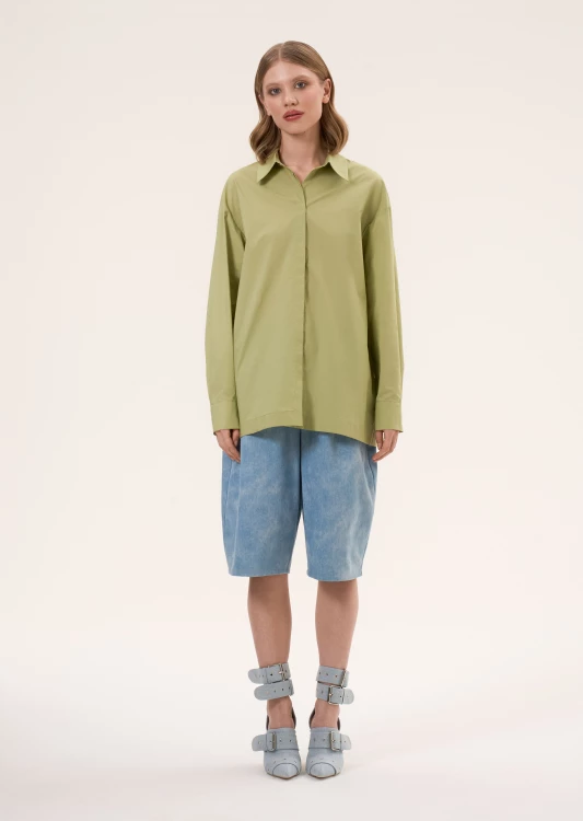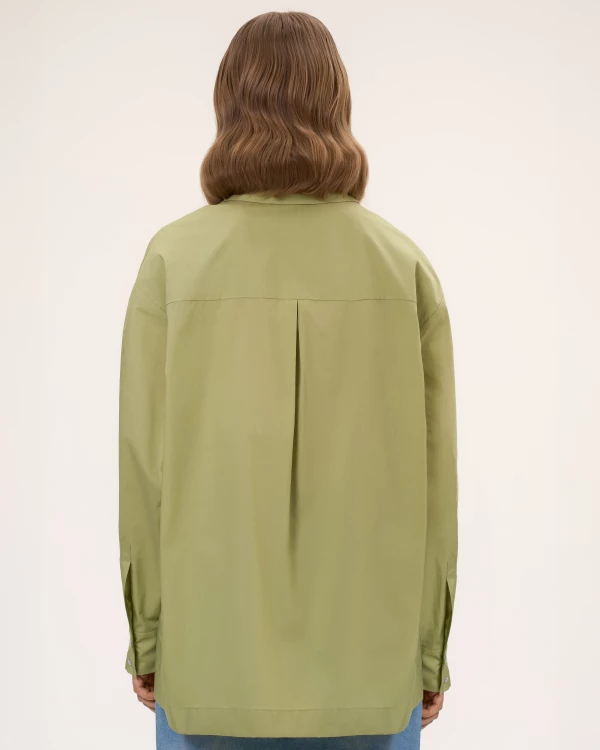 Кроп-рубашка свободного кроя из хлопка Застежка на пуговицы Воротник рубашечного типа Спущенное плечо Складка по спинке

---

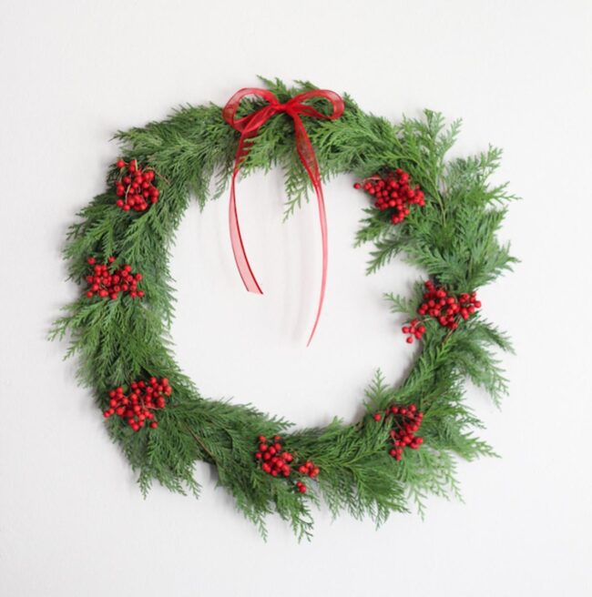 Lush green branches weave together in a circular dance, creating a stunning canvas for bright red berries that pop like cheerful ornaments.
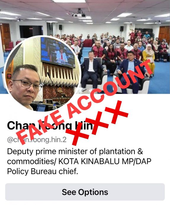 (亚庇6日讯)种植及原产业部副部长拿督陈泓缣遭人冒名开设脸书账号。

---

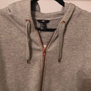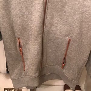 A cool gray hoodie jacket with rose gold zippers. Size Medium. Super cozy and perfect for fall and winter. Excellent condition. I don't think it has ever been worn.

WORK ITEM: In the listing above, find the line containing "Lush green branches" and the line containing "(亚庇6日讯)种植及原产业部副部长拿督陈泓缣遭人冒名开设脸书账号。", then write out both of them and every line between, exactly, with no pictures.

SOLVED PROBLEM:
 Lush green branches weave together in a circular dance, creating a stunning canvas for bright red berries that pop like cheerful ornaments.
 (亚庇6日讯)种植及原产业部副部长拿督陈泓缣遭人冒名开设脸书账号。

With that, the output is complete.